> [Stored dataset items]
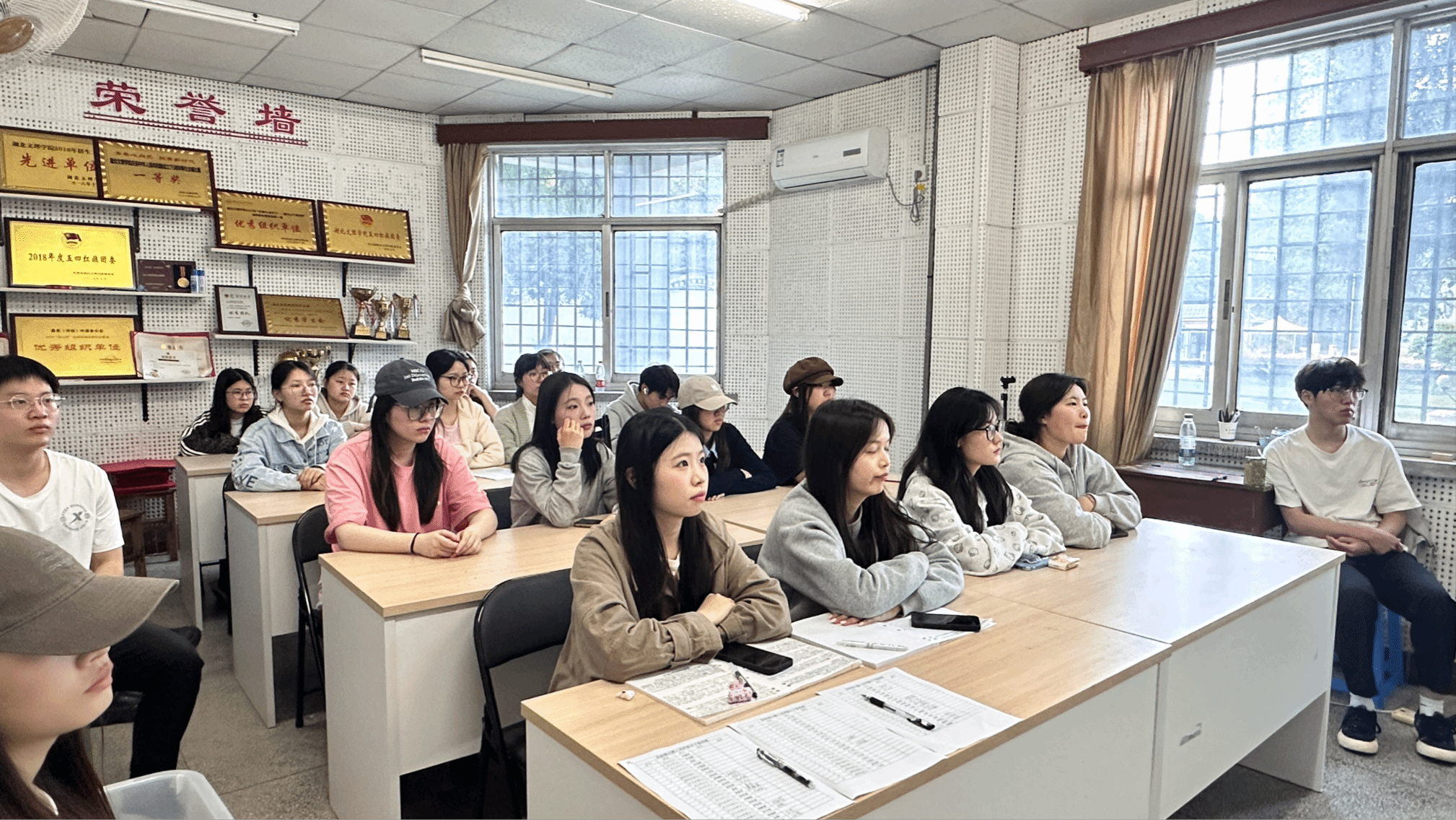 在分享交流环节,师生们结合自身学习、工作与生活实际,畅谈学习体会。有同学分享了“自强不息”对学业奋斗的激励作用,也有老师结合健康管理经验,解读“流水不腐”蕴含的运动养生智慧,现场思想碰撞、氛围热烈。最后,全体参会人员集体诵读经典语句,在朗朗书声中感悟经典力量,传承文化根脉。
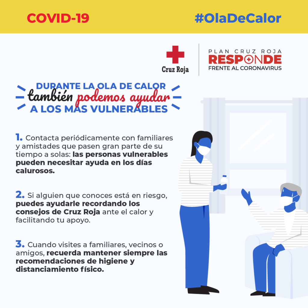 La institución contempla la necesidad de emitir este catálogo de indicaciones debido a la vulnerabilidad de ciertos grupos frente a las olas de calor. “El calor no afecta a todas las personas por igual, entre las más vulnerables encontramos a las personas mayores, especialmente las que viven solas o son dependientes y, por ello, tenemos que estar especialmente atentos con ellas”, informa Cristina Ferrero, del área de Salud de Cruz Roja Española.
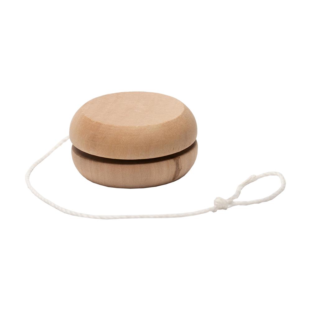 Klassische Form. Gefertigt aus massivem Lotus-Holz. Jo-Jo mit effizienter Werbefläche und Baumwollkordel.
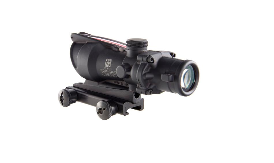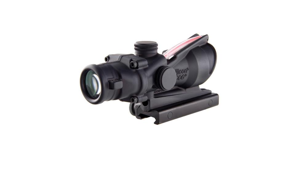 Trijicon ACOG 4×32 Dual Illumination Red Chevron M193 je pevný čtyřnásobný bojový optický zaměřovač s trvalým osvitem osnovy pomocí kombinace vláknové optiky a tritia, které zajišťují jasný a automaticky se přizpůsobující zaměřovací bod ve dne i v noci bez potřeby baterií.
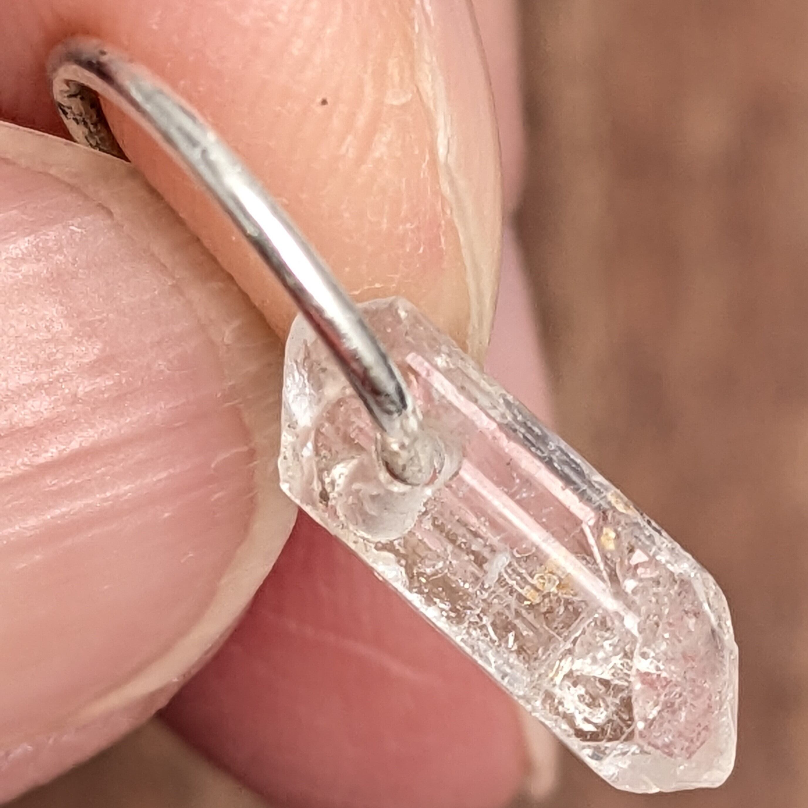 光をあてなくても、その透明度が感じられる美しい原石結晶。内包物はもちろん入っていますが、それが透かし見えることすらもこの透明度の高さを表しているように感じられます。原石表面の艶感も加わって、さりげなくも存在感のあるチャームに。フープ状のピアスにアクセントで通しでも面白いです。
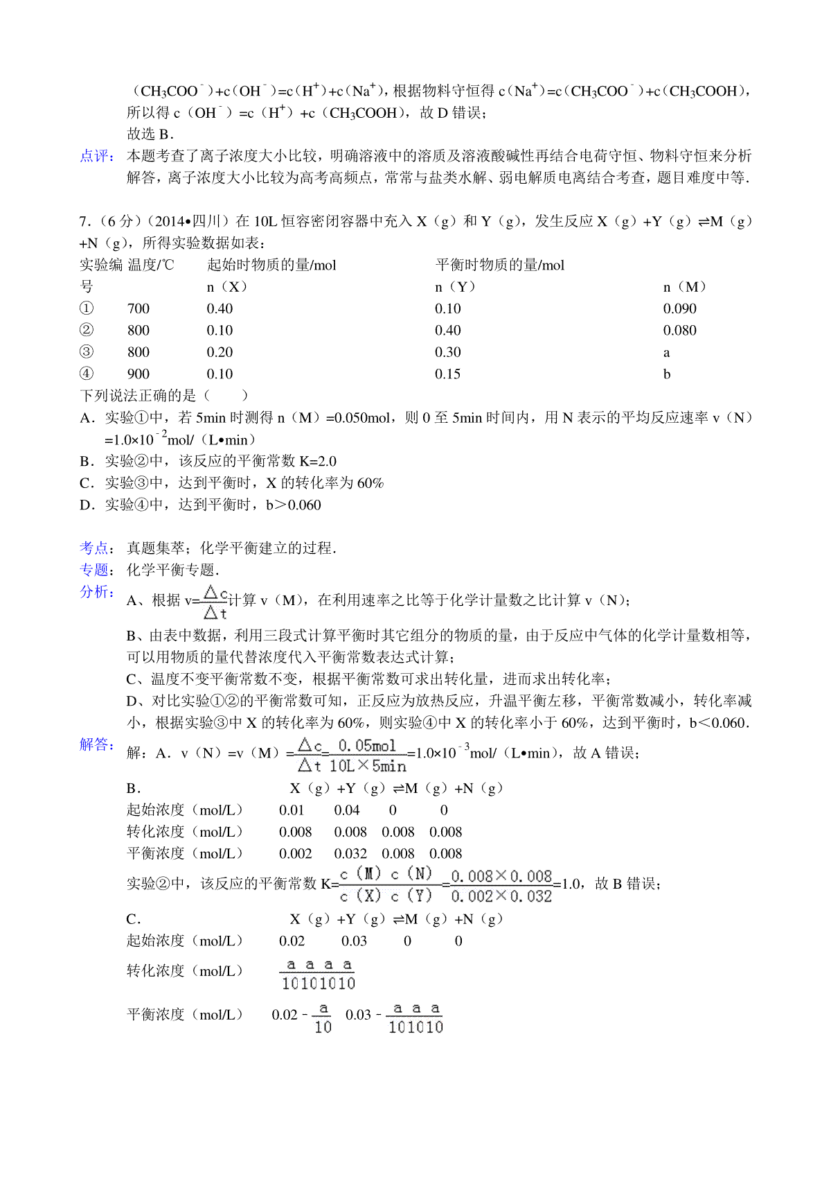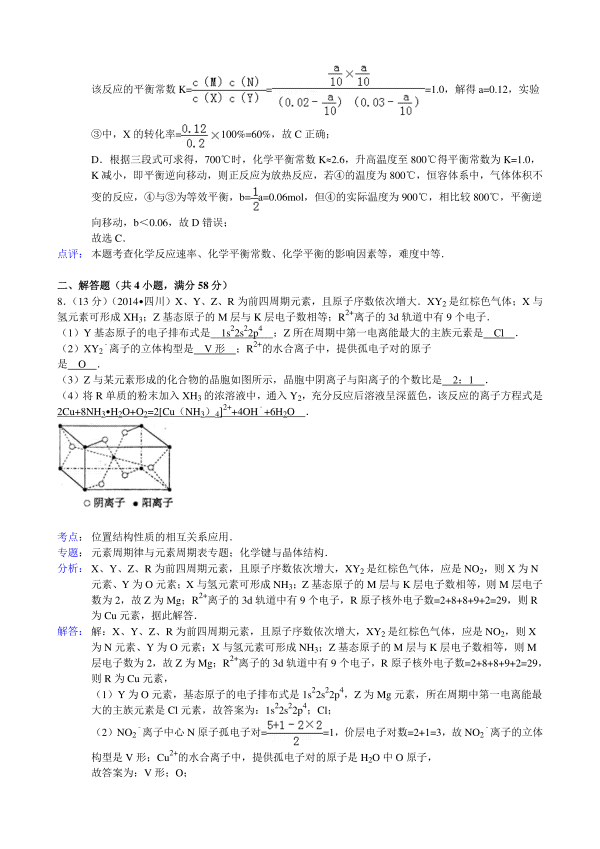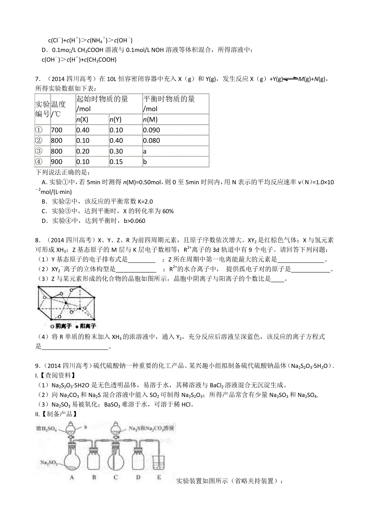 一、2014年高考四川理综化学试题和参考答案
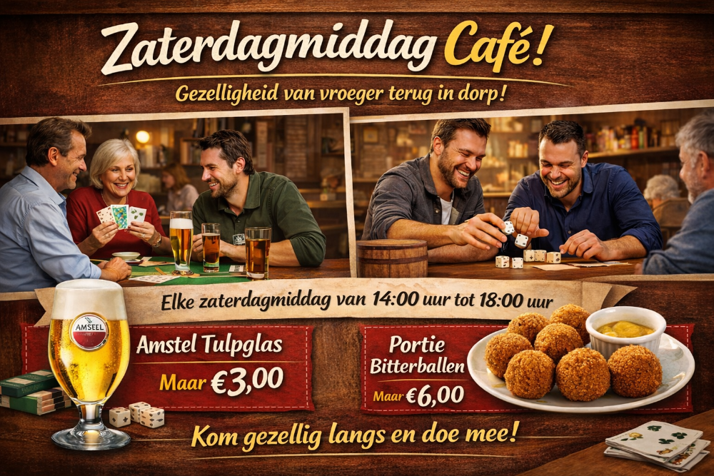Elke zaterdagmiddag Amstel tulpglas (22cl) voor € 3,00 en een portie bitterballen 8 st voor € 6,00 van 14:00 tot 18:00 uur
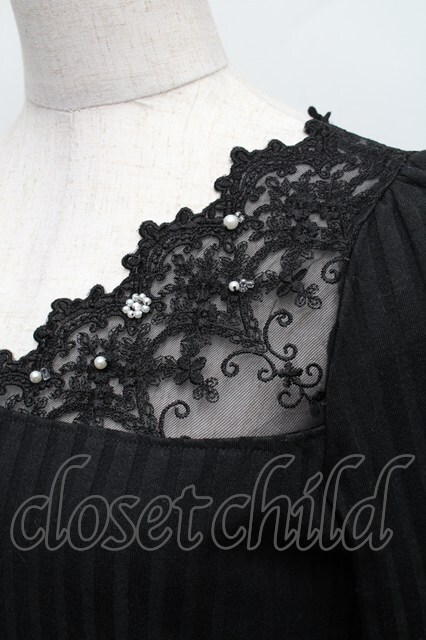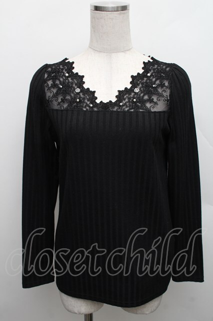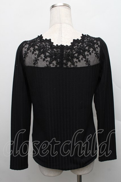 axes femme / レース切替カットソー 黒 S-25-12-18-020-AX-BL-HR-ZS
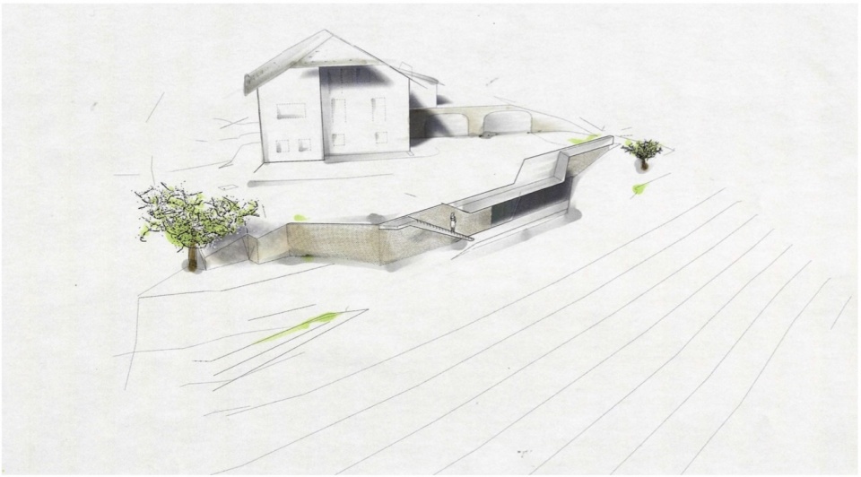 扩建部分以克制的方式融入周围地形,并嵌入自然坡地之中。在这一以分散式传统农舍为特征的乡村景观背景下,这一单层体量顺应坡地等高线自然展开。

> [TASK REQUIREMENTS]
Once the line holding "Trijicon ACOG 4×32" is found, set down that line and every line after it, exactly, through the last line of the records above, omitting pictures.

> [FINISHED EXERCISE]
 Trijicon ACOG 4×32 Dual Illumination Red Chevron M193 je pevný čtyřnásobný bojový optický zaměřovač s trvalým osvitem osnovy pomocí kombinace vláknové optiky a tritia, které zajišťují jasný a automaticky se přizpůsobující zaměřovací bod ve dne i v noci bez potřeby baterií.
 光をあてなくても、その透明度が感じられる美しい原石結晶。内包物はもちろん入っていますが、それが透かし見えることすらもこの透明度の高さを表しているように感じられます。原石表面の艶感も加わって、さりげなくも存在感のあるチャームに。フープ状のピアスにアクセントで通しでも面白いです。
 一、2014年高考四川理综化学试题和参考答案
Elke zaterdagmiddag Amstel tulpglas (22cl) voor € 3,00 en een portie bitterballen 8 st voor € 6,00 van 14:00 tot 18:00 uur
 axes femme / レース切替カットソー 黒 S-25-12-18-020-AX-BL-HR-ZS
 扩建部分以克制的方式融入周围地形,并嵌入自然坡地之中。在这一以分散式传统农舍为特征的乡村景观背景下,这一单层体量顺应坡地等高线自然展开。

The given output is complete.